At two sites along the Tennessee River and Sand Mountain in Northeast Alabama, TVA is studying the feasibility of building pumped storage facilities similar to the one erected four decades ago atop and within Raccoon Mountain just west of Chattanooga.
Pumped storage facilities, which have already been built by electric utilities at 42 sites across the nation, act like a giant storage battery. By building a reservoir atop Sand Mountain, TVA could pump water from the Tennessee River for storage and then drain the water through hydroelectric turbines within the mountain to produce electricity when it is needed the most.
"This is a very mature and efficient way to store energy and it is an important way to keep the electric grid stable and reliable when other sources of power are not available," said Scottie Barrentine, TVA's project manager for the study. "When power demand increases or one of our units trips and goes offline, the pumped storage units can be started up and producing power in a matter of minutes to help meet any immediate need."
In an interview at one of the Jackson County sites where seismic and drilling tests are underway, Barrentine said any decision about whether and where to build another pumped storage facility is still a couple of years away, and actual operation of any such facility will likely take another decade or more to develop and construct before it produces any power.
But the idea is compelling enough that TVA is spending $11 million to evaluate potential pumped storage sites near the Rorex Creek in Pisgah, Alabama, and atop Sand Mountain near Flat Rock, Alabama, as well as the idea of expanding the Raccoon Mountain pumped storage plant.
TVA considering sites in Jackson County, Ala., for energy storage, backup power production
TVA projects a pumped storage facility with a 600-acre upper reservoir and four 400-megawatt reversible turbines and pumps could produce 1,600 megawatts of electricity — more than the output from any single one of TVA's nuclear reactors. The utility projects a new pumped storage facility similar to one on Raccoon Mountain should cost somewhere between $2 billion and $4 billion to build.
Pumped storage facilities take about 20% more power to fill the upper reservoir than what the water from upper lake generates in electricity when it is released for power production, Barrentine said. But the loss in energy efficiency is more than offset by the benefit in being able to store and then deploy the electricity during peak demand periods when it is needed most.
The Raccoon Mountain Pumped Storage plant, a mountaintop facility that opened in 1978, is TVA's biggest energy storage facility and works like a giant water battery. TVA fills the 528-acre reservoir atop Raccoon Mountain at night by pumping Tennessee River water upward through a vertical tunnel drilled through the mountain. It flows into the reservoir through a reinforced concrete water intake structure that sticks up 220 feet from the reservoir bottom — taller than the Statue of Liberty.
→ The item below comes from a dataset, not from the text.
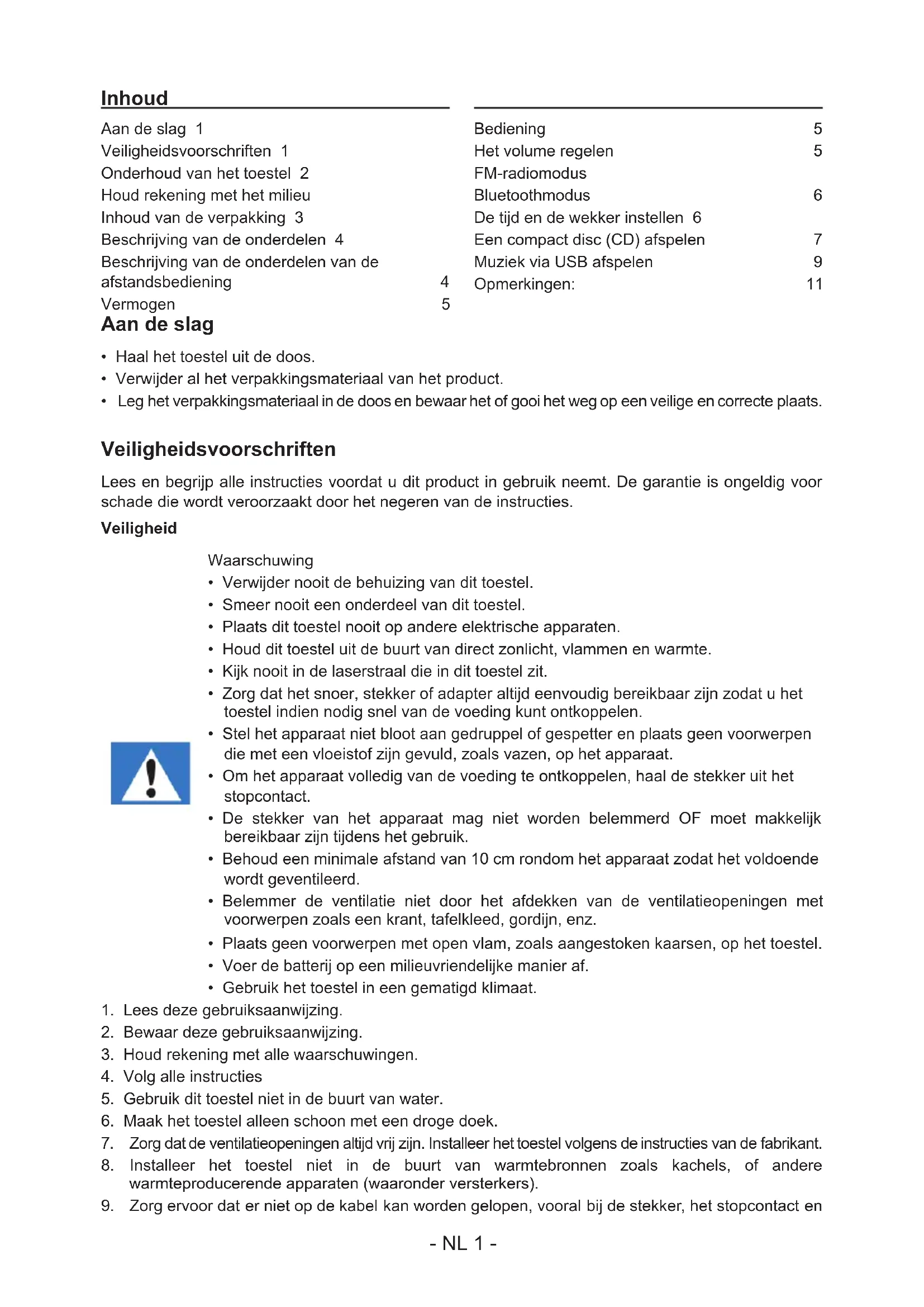 Aan de slag 1 Veiligheidsvoorschriften 1 Onderhoud van het toestel 2 Houd rekening met het milieu 2 Inhoud van de verpakking 3 Beschrijving van de onderdelen 4 Beschrijving van de onderdelen van de afstandsbediening 4 Vermogen 5 Bediening 5 Het volume regelen 5 FM-radiomodus 5 Bluetoothmodus 6 De tijd en de wekker instellen 6 Een compact disc (CD) afspelen 7 Muziek via USB afspelen 9 Opmerkingen: 11 Inhoud- NL 2 - het punt waar de kabel uit het toestel komt.

When TVA needs a lot of power in a hurry — for example on a 95-degree day when people crank up the air-conditioning — it pulls the reservoir's plug.
Sand Mountain appeal
TVA looked at more than 60 sites across the Tennessee Valley to locate another pumped storage facility, but Sand Mountain proved most attractive because of the presence of a mountain ridge near a major waterway (the Tennessee River) and the sandstone and limestone rock formations of the mountain to house both the upper reservoir and the power plant at the base of the mountain, Barrentine said.
For the past month, engineering crews from Stantec Engineering and other consultants have been drilling into Sand Mountain and conducting seismic tests in the area to determine whether a 100-foot-deep lake could be located atop the mountain and used as a storage reservoir to power the new pumped storage facility.
The two targeted sites TVA is now studying for another pumped storage plant are across the Tennessee River from two shuttered TVA power plant sites. The Pisgah site is across from TVA's abandoned Bellefonte nuclear power plant in Hollywood, Alabama, where there were surface coal mines in the 1950s, Barrentine said.
TVA crews and consultants are working during weekdays from leased space in the Moonlight Over Water wedding venue in Pigsah, which overlooks the twin cooling towers and abandoned Bellefonte nuclear plant that TVA quit building more than a decade ago.
Sixteen miles to the north, the proposed pumped storage facility site in Flat Rock, Alabama is across the river from TVA's former Widows Creek Fossil Plant, which was shut down in 2015.
The former TVA power plants still have transmission line access to help power and then dispatch the power that could be produced from a new pumped storage plant in the area, TVA spokesman Scott Fiedler said.
Before any decision is made to buy property or build a pumped storage facility in Jackson County, an environmental impact study will be conducted to assess the need for the facility, and any environmental issues that would have to be addressed, according to TVA.